[Data records]
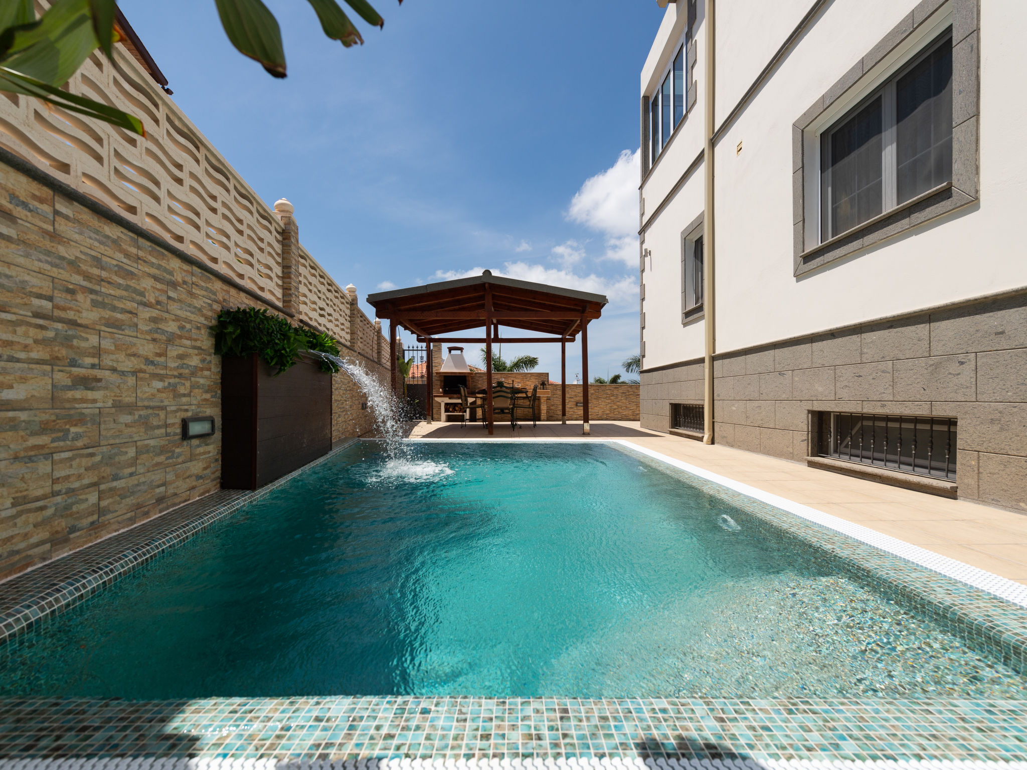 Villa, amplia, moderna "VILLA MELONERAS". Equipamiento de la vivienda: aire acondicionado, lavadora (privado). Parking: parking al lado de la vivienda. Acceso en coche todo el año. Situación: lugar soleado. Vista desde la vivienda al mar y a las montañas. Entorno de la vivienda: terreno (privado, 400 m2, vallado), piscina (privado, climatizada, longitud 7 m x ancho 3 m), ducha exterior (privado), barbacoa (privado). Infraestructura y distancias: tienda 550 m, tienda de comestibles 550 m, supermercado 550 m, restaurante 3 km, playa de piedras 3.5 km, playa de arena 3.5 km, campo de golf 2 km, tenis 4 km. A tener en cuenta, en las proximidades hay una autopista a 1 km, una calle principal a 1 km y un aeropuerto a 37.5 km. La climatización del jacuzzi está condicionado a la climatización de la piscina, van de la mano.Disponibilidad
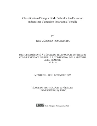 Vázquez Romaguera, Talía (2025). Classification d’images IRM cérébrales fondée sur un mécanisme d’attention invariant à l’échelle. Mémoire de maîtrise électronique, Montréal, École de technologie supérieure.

---

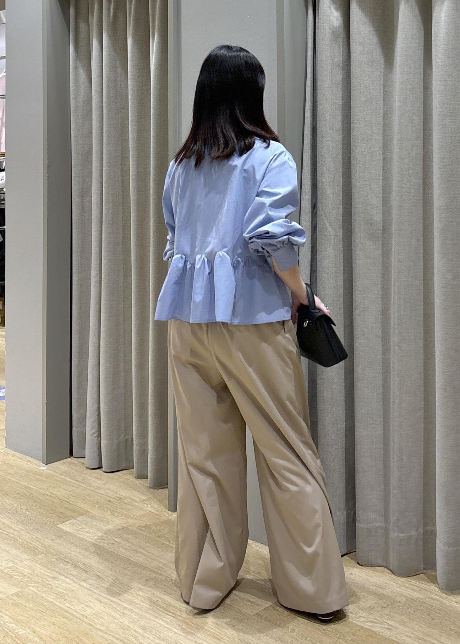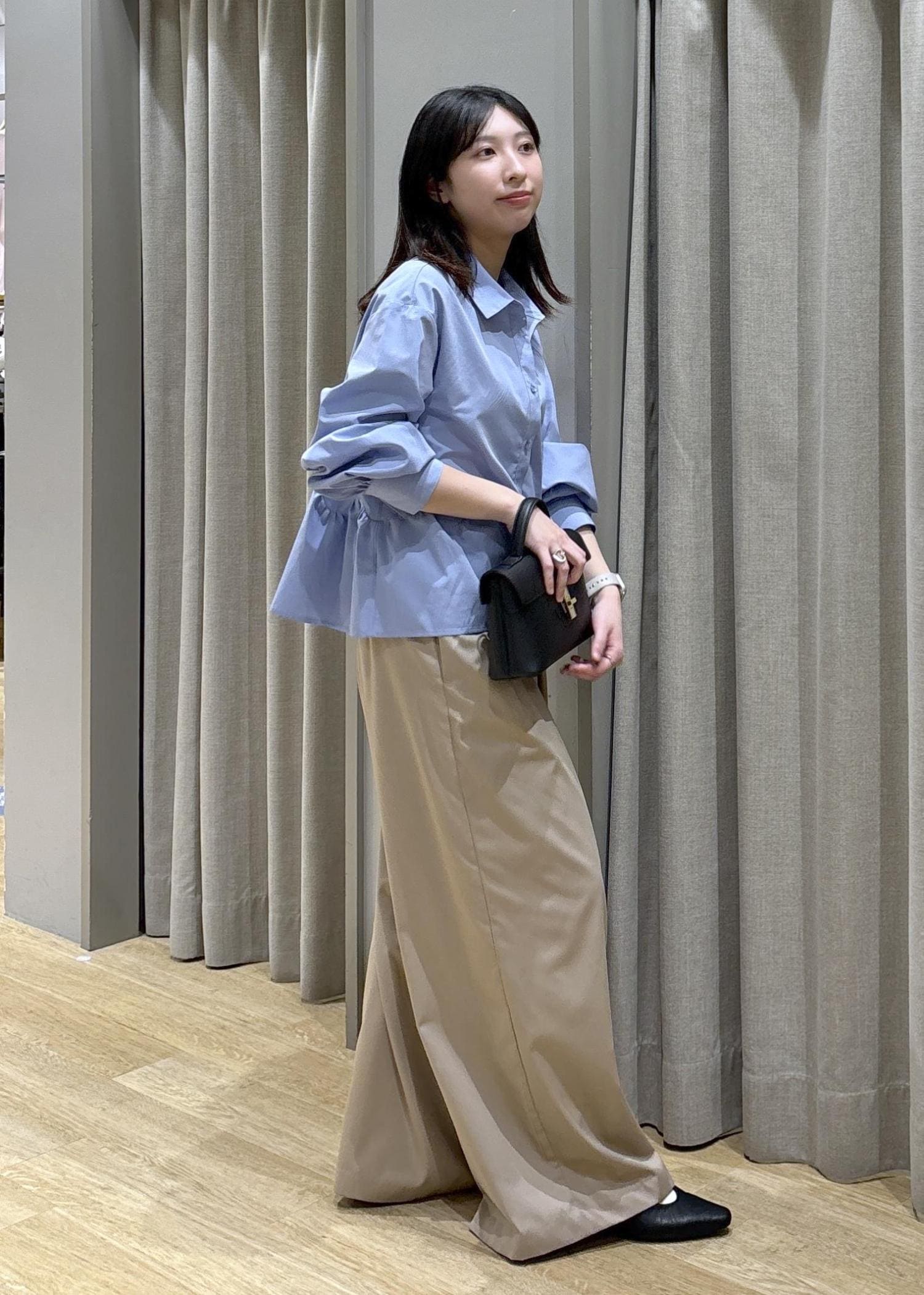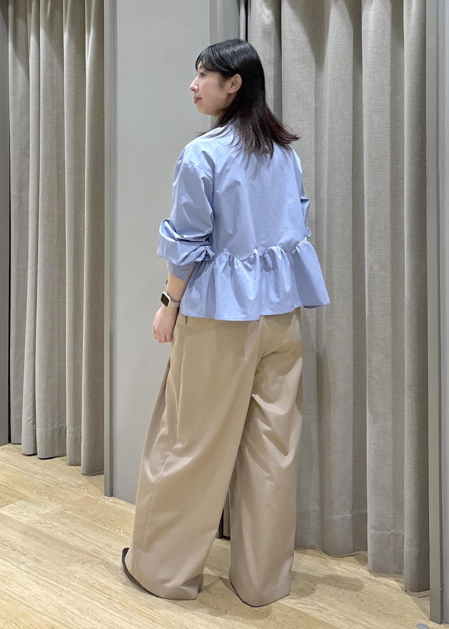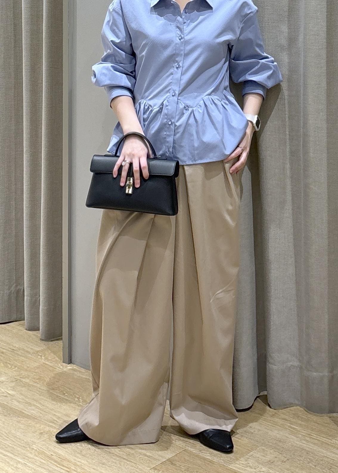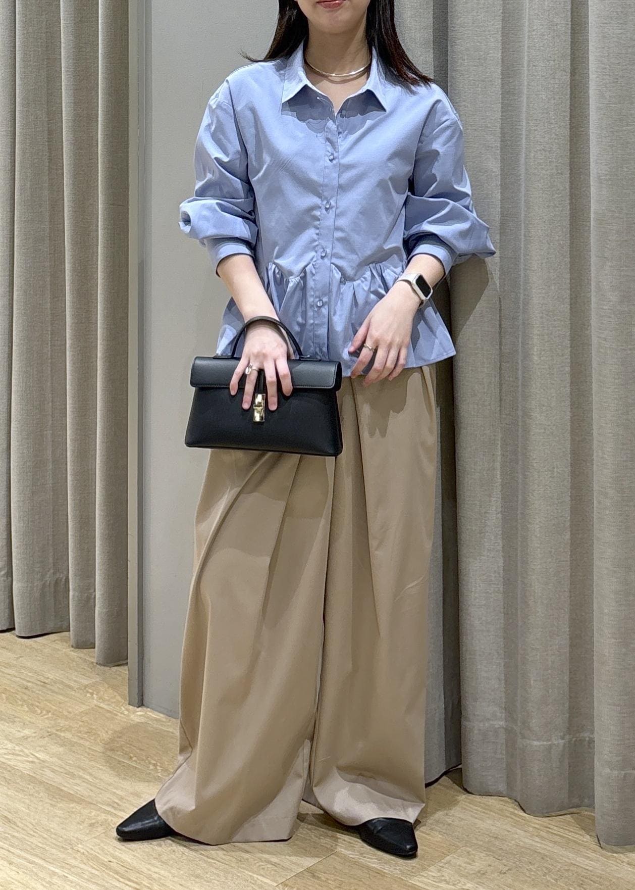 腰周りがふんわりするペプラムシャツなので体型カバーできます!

==

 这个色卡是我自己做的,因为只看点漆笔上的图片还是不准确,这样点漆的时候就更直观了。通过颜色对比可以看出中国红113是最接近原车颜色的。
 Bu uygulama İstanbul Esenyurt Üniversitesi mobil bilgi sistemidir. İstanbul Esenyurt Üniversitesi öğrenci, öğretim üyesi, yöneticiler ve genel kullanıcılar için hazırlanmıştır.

[Task objective]
In the material above, locate the line containing "这个色卡是我自己做的,因为只" and the line containing "Bu uygulama İstanbul". Transcribe exactly those two lines and every line between them, and nothing more.

[Exercise response]
 这个色卡是我自己做的,因为只看点漆笔上的图片还是不准确,这样点漆的时候就更直观了。通过颜色对比可以看出中国红113是最接近原车颜色的。
 Bu uygulama İstanbul Esenyurt Üniversitesi mobil bilgi sistemidir. İstanbul Esenyurt Üniversitesi öğrenci, öğretim üyesi, yöneticiler ve genel kullanıcılar için hazırlanmıştır.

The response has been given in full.